----------------------------------------<snip>-------------------------------
I would hope that I would never do that, either. However, for code that
uses an interface that has been unchanged for 45 years with a 100-byte
limit, I'm not sure I'd be quite that hard on someone whose code copied
the data into a 100-byte buffer using the supplied length.
To turn it on its head: I wouldn't play you-bet-your-system with this.
The code in most vendor products isn't as well vetted as your own
internal code, and is a lot harder to examine.
Guns have safeties for a reason; so should a change like this. Whether
it's a new interface (PARMX) or an LE setting that must be explicitly
enabled, there needs to be some informed consent. I can't imagine IBM
being willing to even consider it otherwise -- else a (poorly written)

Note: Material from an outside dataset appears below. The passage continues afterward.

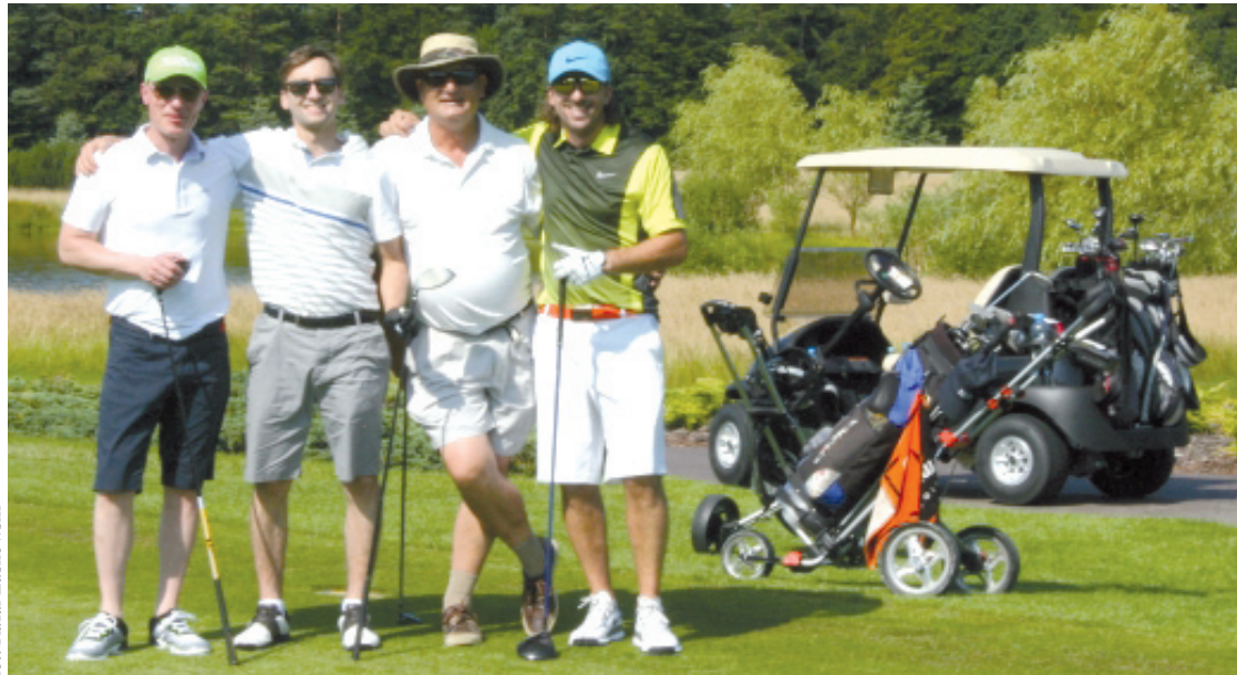
Wspólne chwile na polu golfowym

Rozgrywki odbyły się na terenie Sierra Golf Club, pod patronatem Expressu Biznesu. Gracze grali według definicji zawartych w Regulach Golfa R&A Rules Limited, w formacie Strokeplay Brutto, STB Netto. Rywalizowali zarówno panowie, jak i panie. To już kolejna odsłona takiego wydarzenia sportowego pod znakiem Porsche. Turniej obfitował w emocje oraz liczne atrakcje. Goście zostali powitani w Sierra GC lampką szampana. Potem zaczął się Turniej Tee times ora Akademii golfa. Po lunchu, wieczorem do dyspozycji gości był DJ, który zapewnił oprawę muzyczną, na chętnych czekało kasyno i open bar. Drugi dzień upłynął pod znakiem Turnieju Shotgun. Jednocześnie startowała Akademia Golfa dla początkujących. Po południu imprezę zakończyła uroczysta ceremonia rozdania nagród Turnieju oraz Akademii. Dorota Korbut

program that's been happily running for decades could crater production,
and nobody wants that.
------------------------------------<unsnip>------------------------------------
Granted that guns have safeties (most of them, anyway). But if you have
to worry about whether it's on or off, you're already doing something
very wrong.
There's no excuse for knowing what you're doing and PLANNING AHEAD. I've
always coded my programs with the assumption that the parm field might
be as long as 255 bytes, the max that can be described in a single byte.
Rick
--
If you're not the lead dog, the view never changes.